Итак, склонившись над сундуком, Жилло приготовился взламывать крышку, но с изумлением и с радостью увидел, что сундук открылся легко. Он вообще не был закрыт! Почему? (Наши читатели помнят, что Пардальян-старший уже навестил сокровища дядюшки Жиля.) Жилло откинул крышку, бросился на колени и не смог сдержать вопль восторга, до локтей погрузив руки в кучу монет.

Жилло забыл обо всем на свете, он загружал деньги в карманы, в кошелек, не думая о том, что с такой ношей не сможет сделать и шага, так как деньги звенели при малейшем движении. Наконец Жилло нагрузился золотом и серебром. Он с трудом встал, растопырив руки и расставив ноги, и сделал с неимоверным усилием несколько шагов.

— Какая жалость! — прошептал лакей. — Мне и половины-то не унести! Однако пора уходить…

Жилло повернулся к двери и застыл как вкопанный. Перед ним стоял дядя. Прислонившись к косяку, Жиль смотрел на Жилло со злобной улыбкой. Племянник пошевелился, и несколько экю со звоном выкатились на пол. Жилло рухнул на колени, карманы его лопнули, и монеты посыпались градом. Старик молча, с отвратительной ухмылкой, следил глазами за разбегавшимися по полу экю.

Жилло также попытался улыбнуться.

— Дядюшка! Дорогой дядюшка! — прошептал он.

— Что это ты тут делаешь? — спросил Жиль.

— Да вот… Хотел навести порядок в вашем сундуке…

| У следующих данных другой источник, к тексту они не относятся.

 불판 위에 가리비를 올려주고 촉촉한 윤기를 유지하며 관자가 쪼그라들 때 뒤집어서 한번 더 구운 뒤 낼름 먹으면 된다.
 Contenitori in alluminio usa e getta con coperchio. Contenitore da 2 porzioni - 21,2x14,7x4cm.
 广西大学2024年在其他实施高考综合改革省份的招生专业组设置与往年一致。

— Порядок навести… ну что ж, продолжай в том же духе… Племянник растерялся:

— Как это… продолжать?

— У меня в сундуке двадцать девять тысяч триста шестьдесят пять ливров серебром и шестьдесят тысяч сто двадцать восемь ливров золотом, в сумме — восемьдесят девять тысяч пятьсот девяносто три ливра. Считай, сынок, считай, каждый экю считай. Потом сложишь столбиками по двадцать пять экю, золото направо, серебро налево. Что же ты медлишь?

— Сейчас, дядюшка, сейчас!

И Жилло принялся вытрясать из карманов деньги, а затем аккуратно раскладывать их столбиками под пылающим взглядом Жиля. Тяжко вздыхая, племянник, столбик за столбиком, выкладывал деньги в сундук, а дядюшка считал:

— Еще пятнадцать тысяч… еще двенадцать тысяч.

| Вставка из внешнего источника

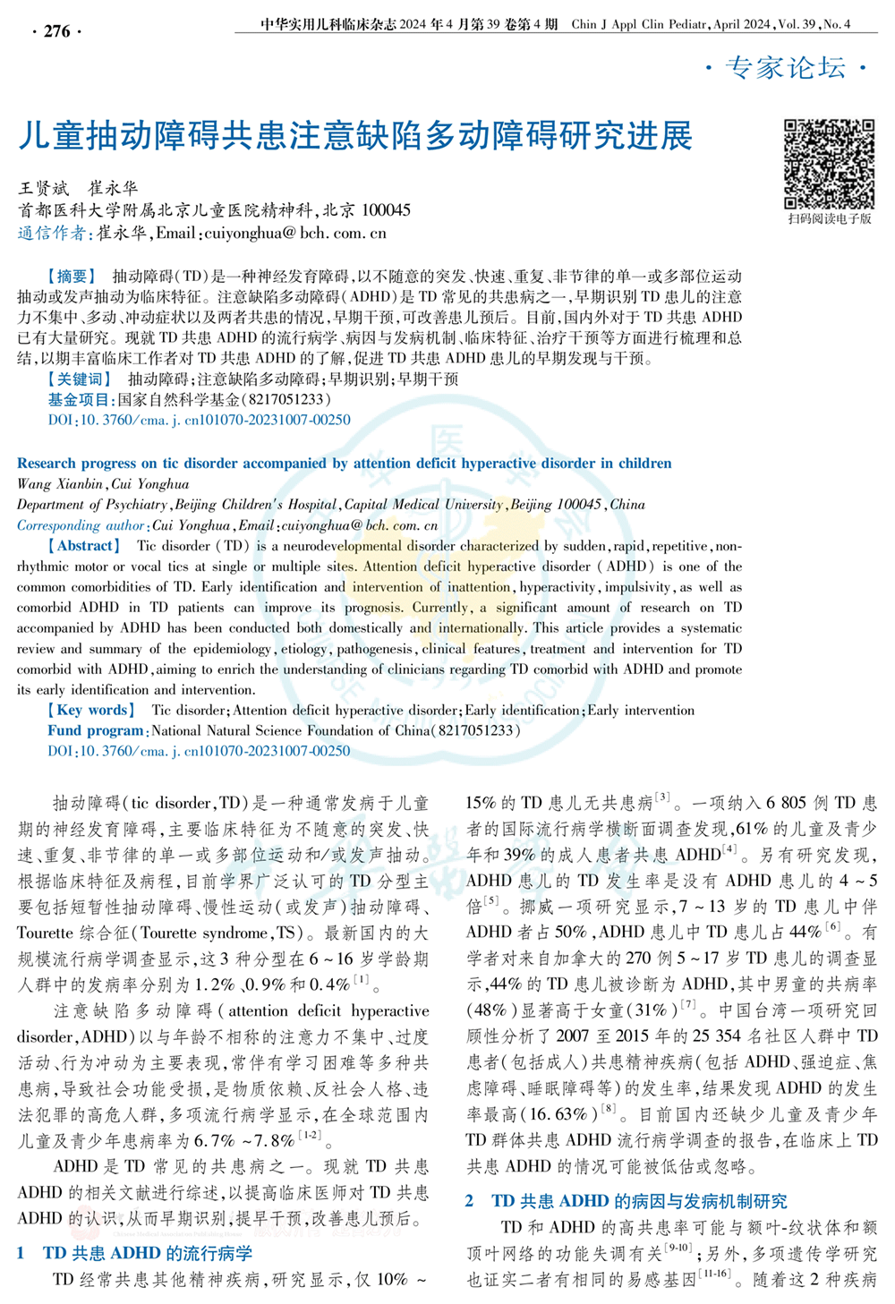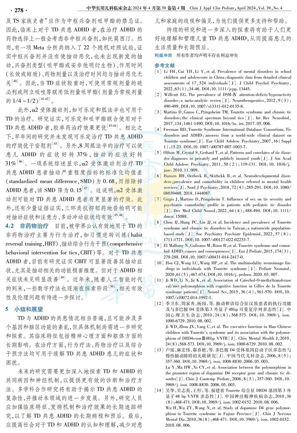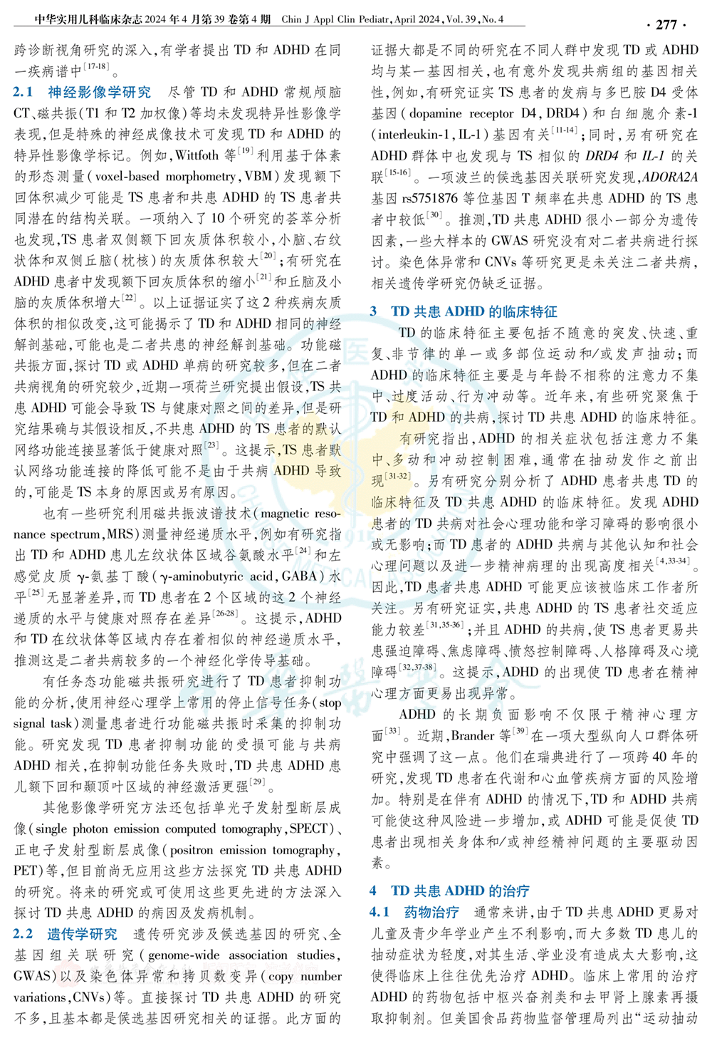 儿童抽动障碍共患注意缺陷多动障碍研究进展(2024年) 共4页
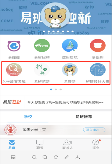 (易班迎新主页和入学教育系统,学生通过手机在线观看新生第一课)
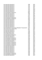 Acer pseudoplatanus (Bergahorn) 1978 2020 Acer pseudoplatanus (Bergahorn) 1935 2021 Acer platanoides (Spitzahorn) 1978 2020 Acer platanoides (Spitzahorn) 1935 2020 Robinia pseudoacacia (Scheinakazie) 1927 2022 Robinia pseudoacacia (Scheinakazie) 1986 2025 Prunus cerasifera 'Nigra' (Blutpflaume) 2000 2020 Robinia pseudoacacia (Scheinakazie) 1999 2020 Robinia pseudoacacia (Scheinakazie) 1927 2021 Fraxinus ornus (Blumenesche) 1972 2020 Fraxinus ornus 'Obelisk' (Säulenblumenesche) 2013 2021 Robinia pseudoacacia 'Bessioniana' (Kegelakazie) 2001 2024 Carpinus betulus 'Frans Fontaine' (Schlanke Säulenhainbuche) 2012 2023 Carpinus betulus 'Frans Fontaine' (Schlanke Säulenhainbuche) 2012 2023 Carpinus betulus 'Frans Fontaine' (Schlanke Säulenhainbuche) 2020 2023 Carpinus betulus 'Frans Fontaine' (Schlanke Säulenhainbuche) 2020 2022 Carpinus betulus 'Frans Fontaine' (Schlanke Säulenhainbuche) 2012 2022 Carpinus betulus 'Frans Fontaine' (Schlanke Säulenhainbuche) 2020 2024 Carpinus betulus 'Fastigiata' (Säulenhainbuche) 2015 2021 Carpinus betulus 'Fastigiata' (Säulenhainbuche) 2015 2021 Carpinus betulus 'Frans Fontaine' (Schlanke Säulenhainbuche) 2012 2019 Carpinus betulus 'Frans Fontaine' (Schlanke Säulenhainbuche) 2012 2019 Carpinus betulus 'Frans Fontaine' (Schlanke Säulenhainbuche) 2012 2019 Prunus cerasifera 'Nigra' (Blutpflaume) 1988 2021 Prunus cerasifera 'Nigra' (Blutpflaume) 1988 2025 Prunus cerasifera 'Nigra' (Blutpflaume) 1988 2023 Acer pseudoplatanus (Bergahorn) 1962 2022 Acer platanoides (Spitzahorn) 1984 2022 Acer x freemanii 'Armstrong' (Freemanii-Ahorn) 2020 2024 Acer platanoides (Spitzahorn) 2004 2020 Acer platanoides (Spitzahorn) 2004 2023 Acer platanoides (Spitzahorn) 2004 2020 Acer platanoides (Spitzahorn) 2004 2020 Acer platanoides (Spitzahorn) 2004 2020 Acer platanoides (Spitzahorn) 2004 2020 Acer platanoides (Spitzahorn) 2004 2020 Acer pseudoplatanus (Bergahorn) 1975 2021 Acer platanoides (Spitzahorn) 1978 2022 Tilia cordata 'Rancho' (Kleinblättrige Winterlinde) 2013 2022 Tilia americana 'Nova' (Amerikanische Linde) 2006 2024 Tilia platyphyllos (Sommerlinde) 1965 2020 Acer platanoides (Spitzahorn) 1942 2020 Acer platanoides (Spitzahorn) 2006 2020 Prunus eminens 'Umbraculifera' (Kugelkirsche) 2019 2023 Acer pseudoplatanus (Bergahorn) 1947 2019 Malus spec. (Apfelbaum) 1990 2020 Tilia cordata 'Greenspire' (Stadtlinde) 2013 2020 Acer pseudoplatanus (Bergahorn) 1957 2019 Tilia cordata 'Rancho' (Kleinblättrige Winterlinde) 1965 2019 Acer tataricum (Feuerahorn) 1987 2022 Tilia cordata 'Rancho' (Kleinblättrige Winterlinde) 2005 2020
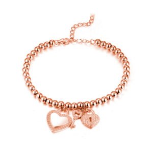 - צמיד כסף “מפתח הלב” בצבע רוז גולד.
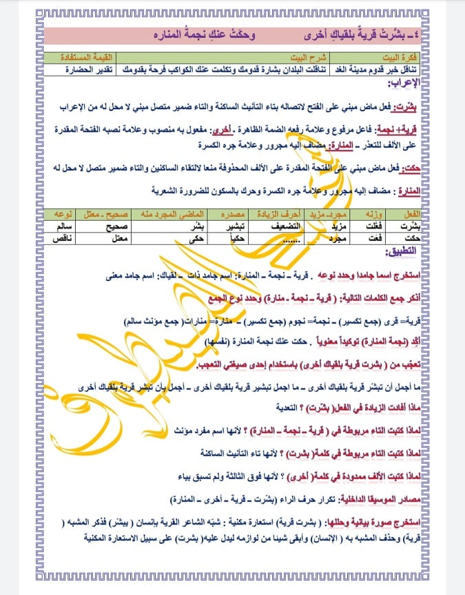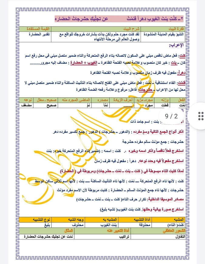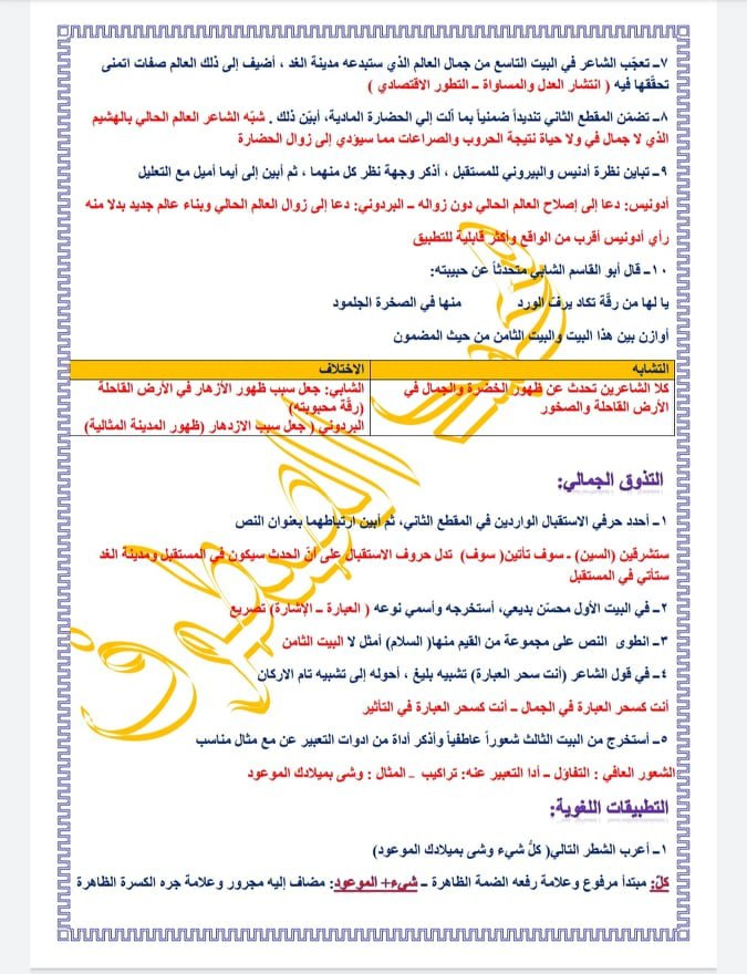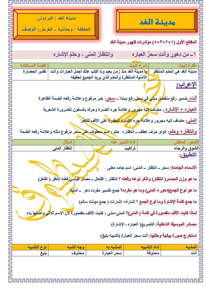 دراسة قصيدة مدينة الغد الصف التاسع المنهاج السوري

Как и предполагалось, операция продлилась долго. Жилло начал в два, а закончил лишь в пять часов вечера. Как раз в эти часы въехал в Париж Карл IX, а два Пардальяна сражались на Монмартрской улице с фаворитами герцога Анжуйского.

Итак, дядя Жиль подсчитывал, сколько экю еще осталось:

— Еще пять тысяч… еще четыре тысячи… еще три тысячи.

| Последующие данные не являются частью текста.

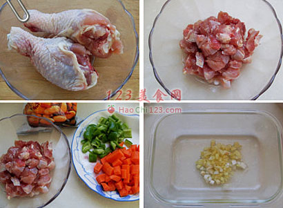 鸡腿2个、胡萝卜、尖椒、黄飞鸿麻辣花生。2、胡萝卜洗净,切成丁。尖椒洗净,去蒂和籽,切成小块。
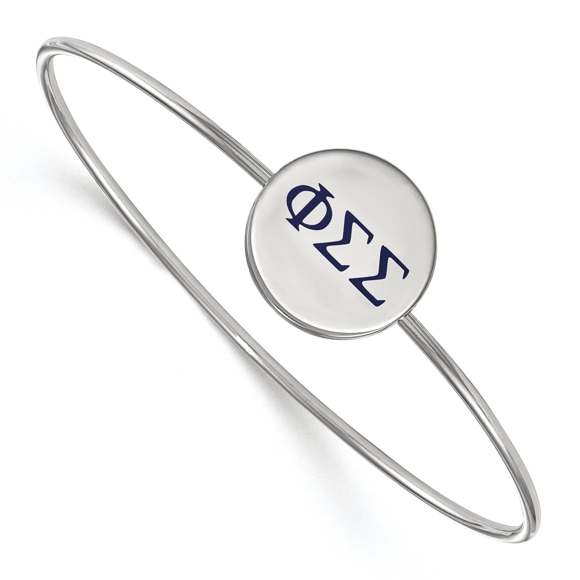 Make a statement with the Sterling Silver Rh-Plated Logoart Phi Sigma Enameled Slip-On Bangle. Crafted from 925 sterling silver, this bracelet shines with a polished finish and features a sleek 2mm band. The enameled charm in bold King Blue adds a pop of color and school pride. Designed to slip on easily, it’s comfortable and stylish for daily wear. With a length of 7 inches, it fits most wrists perfectly. Show your sorority spirit with the Phi Sigma Sigma logo on this eye-catching piece. The Sterling Silver Rh-Plated Logoart Phi Sigma Enameled Slip-On Bangle combines quality and appeal in a simple, modern design.
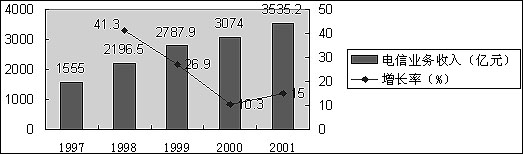 圖1,1997-2001 年我國電信業(yè)務(wù)總量與電信收入的發(fā)展?fàn)顩r(單位:億元)。
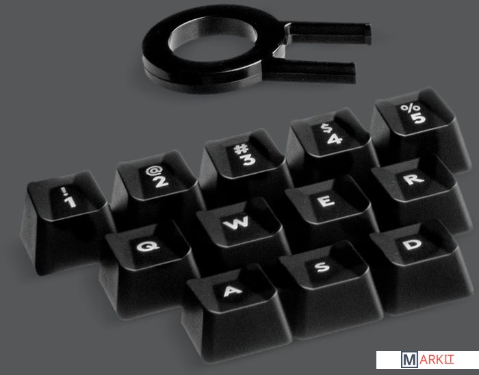 Комплект поставки - съемная подставка под запястье- сменные колпачки клавиш- зажим для снятия колпачков- документация
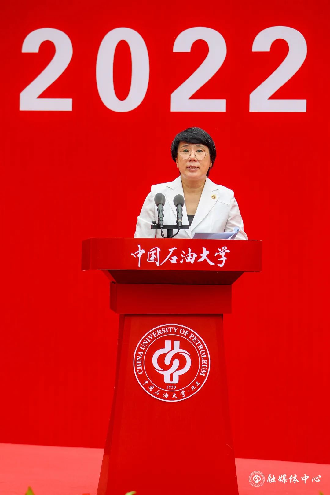 同学们,今天你们作为最年轻的校友,即将踏上人生新征途,学校会永远记得你们在中石大为青春奋斗、为梦想奔跑的样子,也无比期待你们将来能够在各自赛道上跑出“最好成绩”。母校永远是你们的坚强后盾,会一直在身后为你们加油打气。

Жилло аккуратно уложил последний экю и огляделся: ни на полу, ни в его карманах монет больше не было.

— Все вроде, дядюшка?

— Трех тысяч не хватает!

Жилло еще раз обыскал карманы, нашел два су и шесть денье, составлявшие его личное богатство. Он героически протянул их старику, который тут же схватил и эти гроши.

— Давай остальные?

— Какие остальные, дядюшка?

— Три тысячи ливров!

— У меня больше ничего нет!

— Гони, а то сейчас обыщу!

— Обыскивайте, дядюшка, больше нет ни гроша!

Жиль дрожащими руками обыскал одежду Жилло, прощупал все швы, и холодный пот выступил на лбу у старика. Племянник не лгал!

— А ну, раздевайся!

Полумертвый от страха Жилло подчинился. Старик еще раз перетряс всю одежду и убедился, что три тысячи исчезли.

Дикий вопль отчаяния и визг ужаса потрясли стены кабинета: вопил Жиль, визжал Жилло.

— Верни деньги, мерзавец! Старик схватил племянника за горло:

— Я пять лет экономил! Где они, мои денежки?

Лишь Пардальян-старший знал ответ на этот вопрос. Но Жилло усмотрел возможность вернуть расположение дяди и пробормотал:

— Дядюшка, я помогу вам найти их!

— Ты! — взревел Жиль. — Жалкий негодяй! Ты же хотел обокрасть меня! Я тебе покажу, как воровать и предавать! Одевайся!

Жилло покорно оделся. Дядя вцепился ему в шею длинными, словно железными, пальцами, выволок племянника из кабинета, аккуратно запер за собой дверь и потащил его на первый этаж.

— Пощадите! — взмолился Жилло.

Жиль отпустил племянника, вытащил стальной кинжал и пригрозил:

— Дернешься — зарежу! И не пытайся сбежать!

Эта угроза несколько успокоила Жилло. Если зарезать его обещают только в случае побега, значит, он пока не приговорен к смерти.

— Иди вперед! — приказал дядюшка, сжимая в руке кинжал.

Подталкиваемый Жилем, Жилло дошел до сарая в саду.

— Возьми это бревно!

Жилло взвалил на плечи довольно длинное, заостренное с одного конца бревно.

— Еще бери веревку и лопату! — велел дядя. Племянник захватил и это. Нагрузив Жилло орудиями для пыток, безжалостный старик погнал его в буфетную, а оттуда — в коридор, ведущий к погребу. В буфетной Жилло приказали взять нож и факел.

Жиль толкнул племянника в погреб и, когда они спустились вниз, сказал:

— Копай здесь!

Жилло, потерявший от ужаса человеческий облик, тупо принялся копать. Потом, по указаниям Жиля, он загнал столб в землю и прикопал его. Дядя убедился, что бревно ушло глубоко, схватил Жилло и прикрутил его к столбу, так что несчастный не мог ни рукой, ни ногой пошевельнуть.

Лакей и не пытался сопротивляться: он уже не мог бороться за жизнь.

— Что вы хотите сделать, дядюшка? — лишь прошептал он.

— Сейчас узнаешь!

Жиль уселся на полено и принялся затачивать нож, прихваченный в кухне. Увидев эти зловещие приготовления, Жилло жалобно застонал.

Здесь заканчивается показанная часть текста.